Today, Mr. Mendlow still has all but a couple of his uncle's pieces, which include paintings, sculptures and prints ranging from representational to abstract. He pays to keep them in storage, chafing at the cost but unsure of what else to do while he continues efforts to sell and donate the works.

"It was a big task to take on, and I was not prepared for it," Mr. Mendlow said.

In 1991, artist Bodhi Wind, a North Side native, was struck and killed while walking along a Los Angeles freeway. Mr. Wind graduated from Pittsburgh Perry High School before living in New Mexico and California, where his career included making clothing for Cher and murals for Robert Altman's 1977 film "3 Women."

He left behind 17 paintings and sketches -- at least that's as many as his mother, Jean Kuklis of Ross, has been able to find. She still has the 17 works, most of which are too large for her to display. She'd like to sell some of them but said she doesn't "have any idea how to go about getting somebody to do that for me."

Arthur S. Levine did know what to do. He arranged for Murrysville artists Adrienne Heinrich and Patricia Sheahan to find homes for the art left by his wife, Ruth E. Levine, who died in 2010.

"She left several hundred pieces," said Dr. Levine, the University of Pittsburgh's senior vice chancellor for the health sciences and dean of the School of Medicine. "She was a hard-working and productive, as well as accomplished, artist."

Ms.
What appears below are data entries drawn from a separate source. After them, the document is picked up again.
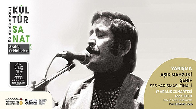 Kahramanmaraş Büyükşehir Belediyesi tarafından düzenlenen Âşık Mahzuni Şerif Türküleri Ses Yarışması’nda final heyecanı yaşanıyor. Yoğun katılımın olduğu ses yarışmasında tamamlanan ön elemelerin ardından finale kalmayı başaran 10 yarışmacı, 17 Aralık Cumartesi günü Necip Fazıl Kısakürek Kültür Merkezi’nde saat 19.00’da gerçekleştirilecek programda dereceye girebilmek için performanslarını sergileyecek. Büyükşehir Belediyesi’nden yapılan açıklamada, Âşık Mahzuni Şerif Türküleri Ses Yarışması finaline tüm müzikseverlerin davetli olduğu belirtildi.
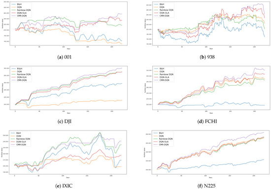 Figure 6 displays the cumulative asset growth curves for various strategies, including B&H, DQN, Rainbow DQN, DQN-GLA, and the newly proposed CMR-DQN. It is evident from the graph that the performance of the CMR-DQN strategy surpasses that of the others. CMR-DQN not only significantly reduces loss risk but also achieves higher returns. Moreover, under the CMR-DQN strategy, total asset growth is smoother compared to the benchmark strategy.
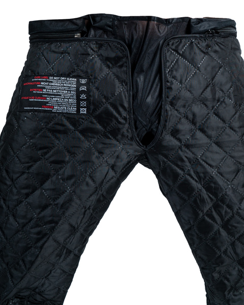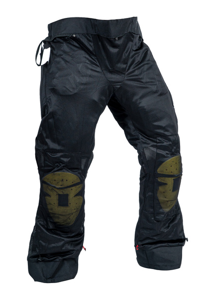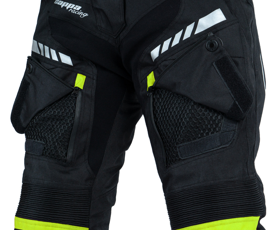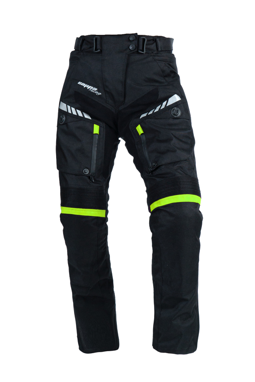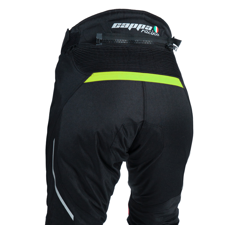 Pantaloni in tessuto da donna FIORANO con la fodera termica, protezioni, ventilazione. Colore nero con elementi verdi e riflettenti.
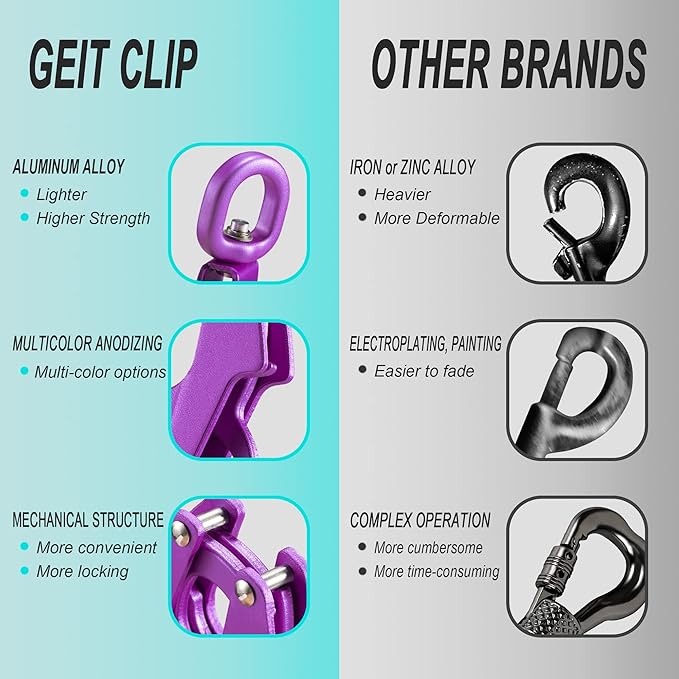 - 【Automatic Closing Frog Clip】- The buckle is made of aluminum alloy, anodic oxidation process is adopted, strong and durable. Quick release and locking dog collar clip while holding tight under strong pull. The 360° swivel ring can prevent the belt from tangling.

Sheahan and Ms. Heinrich spent about four months unwrapping, photographing, measuring, pricing and labeling Ms. Levine's works, which explore the subject of patterns. The pair arranged for exhibits at American Jewish Museum in Squirrel Hill, Eastside Gallery in East Liberty and Westmoreland Museum of American Art. Melissa Hiller, director of the American Jewish Museum, arranged for groups of schoolchildren to view the work.

Levine's work also is showcased at www.relevine.com. Sales benefit a memorial fund at the Carnegie, and Dr. Levine said remaining works will be taken by family members or donated to institutions.

A couple of months after his uncle's death, Eric Mendlow said, he went to the Metropolitan Museum of Art in New York and read about efforts that Edgar Degas' family made to preserve and market his work.

"It was just kind of a reaffirmation for me," he said.